Теперь он мог все начать с нуля. Уехать, а может быть, и остаться — чем плохо в России, когда есть деньги? Купить новую машину, заново обставить квартиру, познакомиться с симпатичной девчонкой… Та, которую он за неимением лучшего называл своей девушкой перед началом всех этих событий, исчезла как-то незаметно — пожалуй, в тот самый день, когда Дмитрий проигрался, — и теперь он не был уверен, что помнит ее имя. Марина? Катя? Оля?.. Нет, кажется, Светлана, Светка…
Он попытался припомнить эту Марину или Свету, и постепенно это ему удалось. Звали ее, правда, не Светой, а Евгенией (ну конечно же, Женькой), но это было не так уж важно. Дмитрий вспомнил, как она выглядела, как одевалась, как и, главное, что говорила… Вспомнилось ему и то, как, проигравшись в пух и прах, он позвонил этой Жене, единственному, как ему тогда казалось, близкому человеку, и бездушный голос автомата сообщил ему, что абонент недоступен.

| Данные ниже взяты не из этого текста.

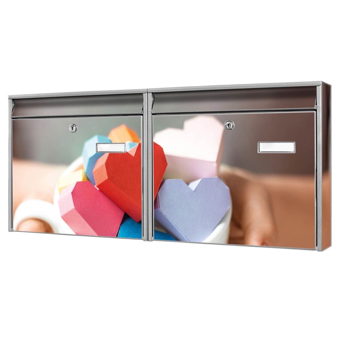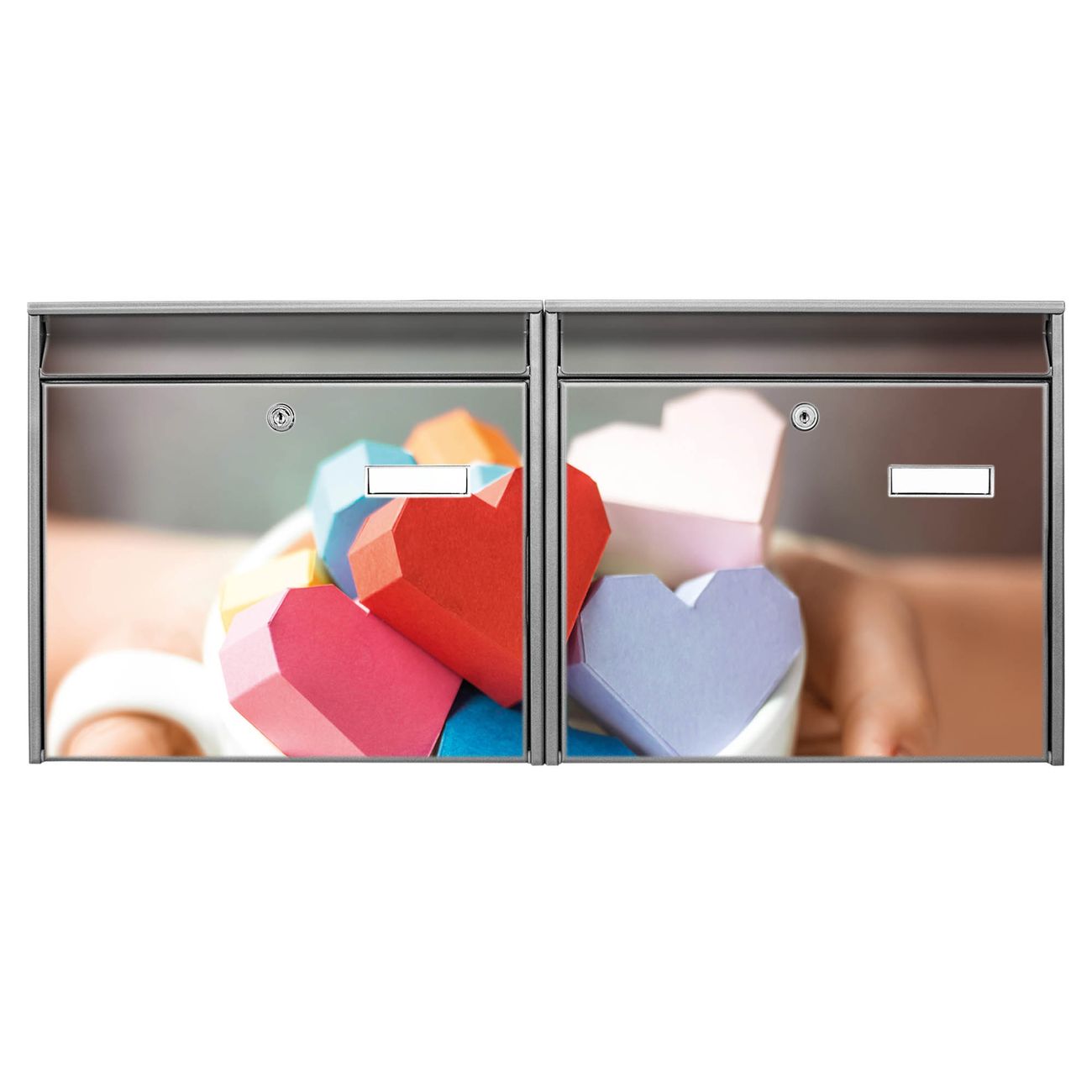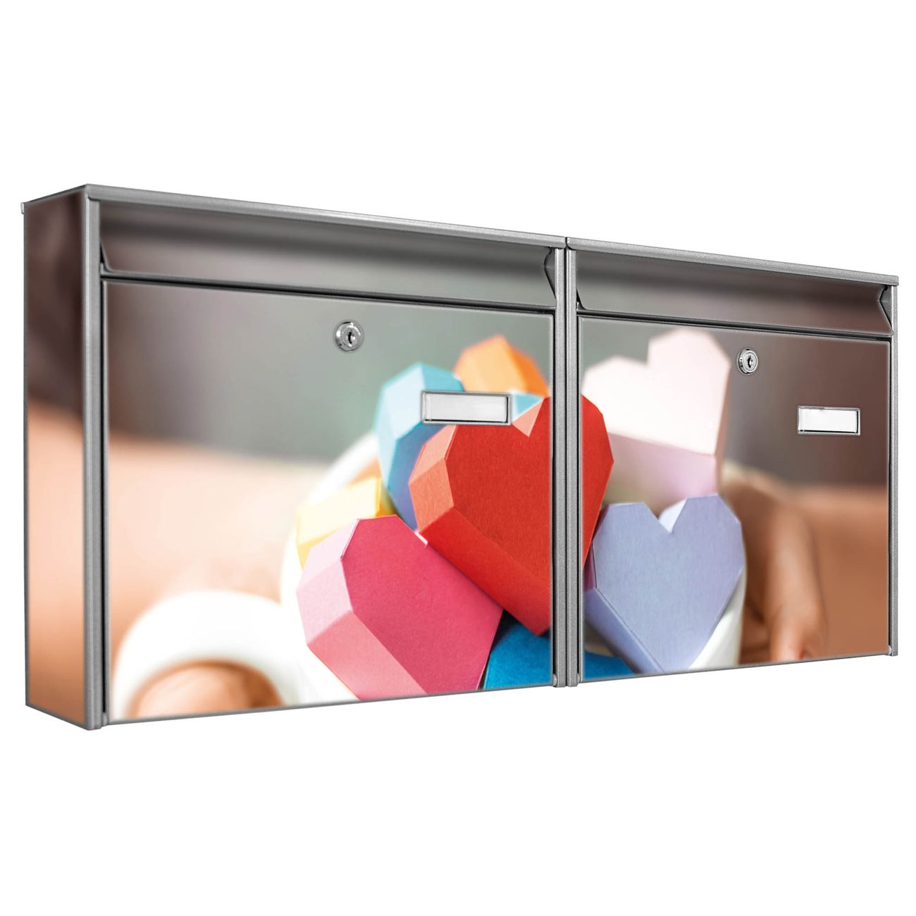 Doppelbriefkasten quer Tasse voller Herzen

Он так до нее и не дозвонился — ни в ту ночь, ни позднее. И теперь ему вдруг стало ясно, почему это произошло. Просто она была наводчицей, работала на тех веселых парней, которые ободрали его как липку. Она не раз бывала у него дома, видела квартиру, может быть, фотографировала или даже производила замеры… Стерва!
Он миновал пролом, привычно отметив про себя, что кувалду давно пора отсюда убрать. Чего, в самом деле, она тут торчит, как дорожный указатель? Только вот куда ее девать? Выкинуть жалко, прятать — глупо, а тащить домой через центр — вообще смешно…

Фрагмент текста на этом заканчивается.